The main benefit of this producer/consumer concurrency pattern is that you can also limit the input data processing to reduce resource impact.
This is especially helpful when processing millions of data records.
Instead of reading the whole dataset at once into memory, you can now consecutively query only chunks of the data and wait for the workers to process it before querying more.
Code sample with a queue capacity of 50 messages and 5 consumer threads:
/// <exception cref="System.AggregateException">Thrown on Consumer Task exceptions.</exception>
public static async Task ProcessMessages(List<string> messages)
{
const int producerCapacity = 10, consumerTaskLimit = 3;
var channel = Channel.CreateBounded<string>(producerCapacity);
_ = Task.Run(async () =>
{
foreach (var msg in messages)
{
await channel.Writer.WriteAsync(msg);
// blocking when channel is full
// waiting for the consumer tasks to pop messages from the queue
}
channel.Writer.Complete();
// signaling the end of queue so that
// WaitToReadAsync will return false to stop the consumer tasks
});
var tokenSource = new CancellationTokenSource();
CancellationToken ct = tokenSource.Token;
var consumerTasks = Enumerable
.Range(1, consumerTaskLimit)
.Select(_ => Task.Run(async () =>
{
try
{
while (await channel.Reader.WaitToReadAsync(ct))
{
ct.ThrowIfCancellationRequested();
while (channel.Reader.TryRead(out var message))
{
await Task.Delay(500);
Console.WriteLine(message);
}
}
}
catch (OperationCanceledException) { }
catch
{
tokenSource.Cancel();
throw;
}
}))
.ToArray();
Task waitForConsumers = Task.WhenAll(consumerTasks);
try { await waitForConsumers; }
catch
{
foreach (var e in waitForConsumers.Exception.Flatten().InnerExceptions)
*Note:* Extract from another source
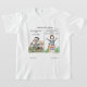 The t-shirt feels and looks great quality, a good thick cotton. It will be a little big for my son, but that means he will be able to wear it and not out grow it too soon. The print was as described on the order when personalised. True size, shape and colour T-shirt- thanks.

Console.WriteLine(e.ToString());
throw waitForConsumers.Exception.Flatten();
}
}
As pointed out by Theodor Zoulias:
On multiple consumer exceptions, the remaining tasks will continue to run and have to take the load of the killed tasks. To avoid this, I implemented a CancellationToken to stop all the remaining tasks and handle the exceptions combined in the AggregateException of waitForConsumers.Exception.
Side note:
The Task Parallel Library (TPL) might be good at automatically limiting the tasks based on your local resources. But when you are processing data remotely via RPC, it's necessary to manually limit your RPC calls to avoid filling the network/processing stack!
If your Process method is async you can't use Task.Factory.StartNew as it doesn't play well with an async delegate. Also there are some other nuances when using it (see this for example).
The proper way to do it in this case is to use Task.Run. Here's #ClearLogic answer modified for an async Process method.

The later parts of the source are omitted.